Chapitre 3
« J’annonce désormais le dernier numéro. Il s’agit du numéro 426. Je répète, le numéro… ».
Le tirage venait de prendre fin. La combinaison était désormais complétée. Lucien relut la suite de nombres affichée à l’écran. Puis reprit, chiffre par chiffre le dernier numéro sorti, 4 - 2 - 6. Ces chiffres, tous ces chiffres, il les connaissait par cœur. Non pas qu’il les avait révisés avant le tirage, mais parce qu’ils étaient les siens. Cette suite correspondait à son identité numérique.
Lucien regarda un bref instant sa femme qui ne voulait pas y croire. Par réflexe, il retroussa ses manches. 426. c’était bien ses derniers chiffres. Il pouvait les relire sur son avant-bras ; ils y étaient tatoués, ainsi que le reste de la combinaison. Une marque qui faisait de lui un citoyen du pays.
Il baissa la manche. Redressa la tête et fixa Colette dans les yeux.
_ C’est… c’est bien moi, lui bredouilla-t-il.
Sa femme se jeta alors dans ses bras pour étouffer ses premières larmes et ils restèrent l’un contre l’autre un long moment, silencieux. Du poste de télé, le porte-parole dévoilait à tous l’identité du porteur des numéros tirés au sort.
« Les voies de la Providence ont nommé monsieur Lucien Pingault, électromécanicien chez T&D Group, résidant au 16 rue des Amandier, appartement 7. Félicitons haut et fort l’heureux élu ! ».

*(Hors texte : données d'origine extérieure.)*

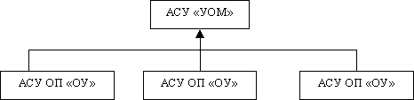Связь между АСУ "УОМ" и АСУ ОП "Школа" планируется и обеспечивается на уровне содержания и структур баз данных. Это необходимо, т.к. информации, существующей на уровне АСУ, недостаточно для глубокого анализа ситуации и принятия оптимальных решений.
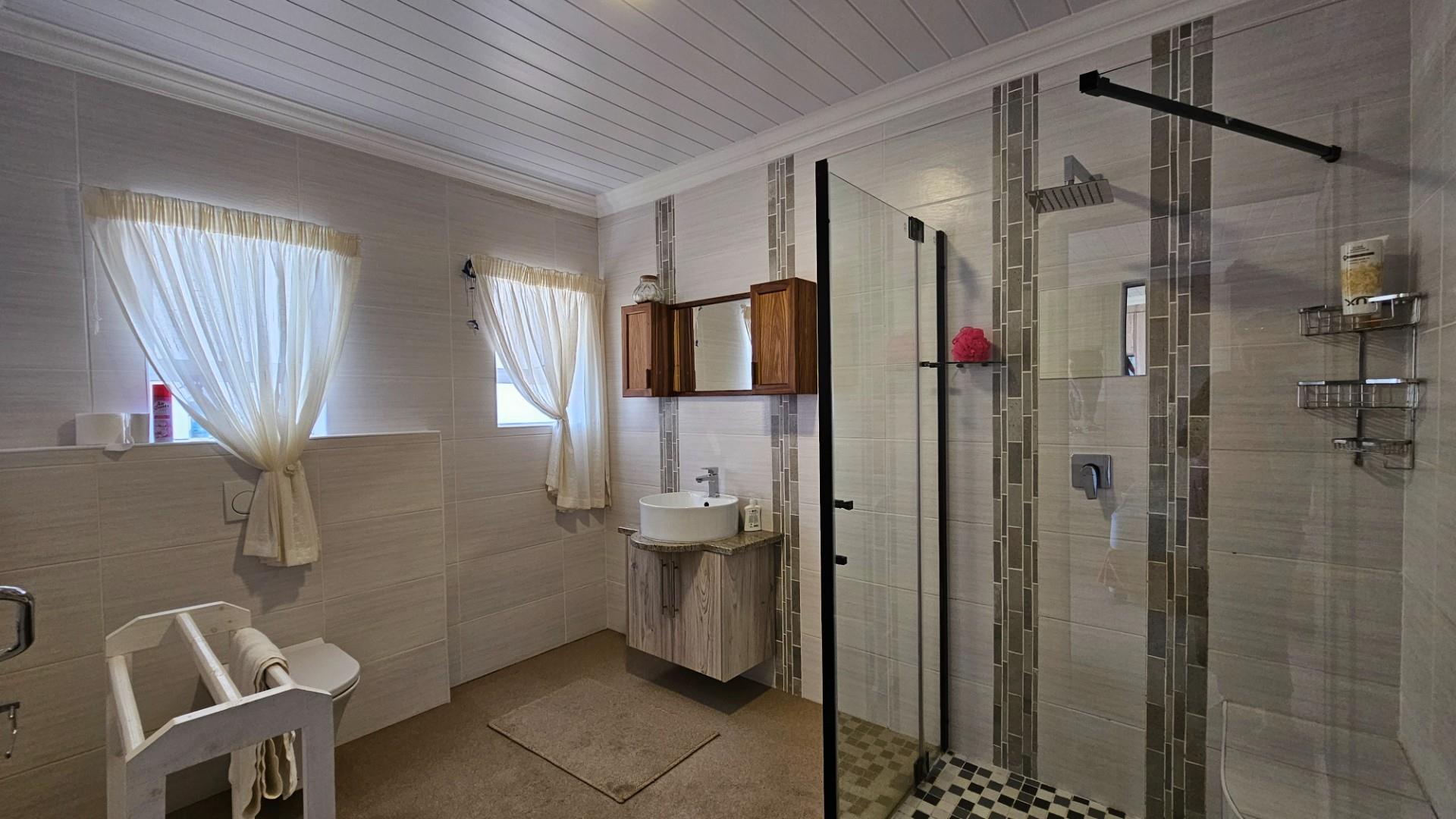 In addition, there is a separate tiled room with built-in cupboards, its own en-suite bathroom and a private external entrance. Currently used as a workshop, this space can easily function as a fifth bedroom, guest suite, home office or studio, offering excellent flexibility.

D’un coup, feux d’artifice et bouchons de champagne s’emparèrent du quartier. Tous fêtaient l’issue de ce tirage qui leur avait été favorable. Lucien, lui, n’était plus des leurs. Son nom résonnait dans les rues. Il était désormais un autre, touché du doigt par le hasard. Par cette nouvelle démocratie revendiquée par le peuple qui s’était soulevé pour que chaque citoyen et citoyenne ait une chance de gouverner. Ainsi, tous les trois ans, l’État Providence organisait une loterie nationale pour élire leur nouveau chef.
Tout semblait échapper à Lucien. L’inconnu lui tendait les bras. Il ne pouvait que l’accepter, car c’était là son devoir.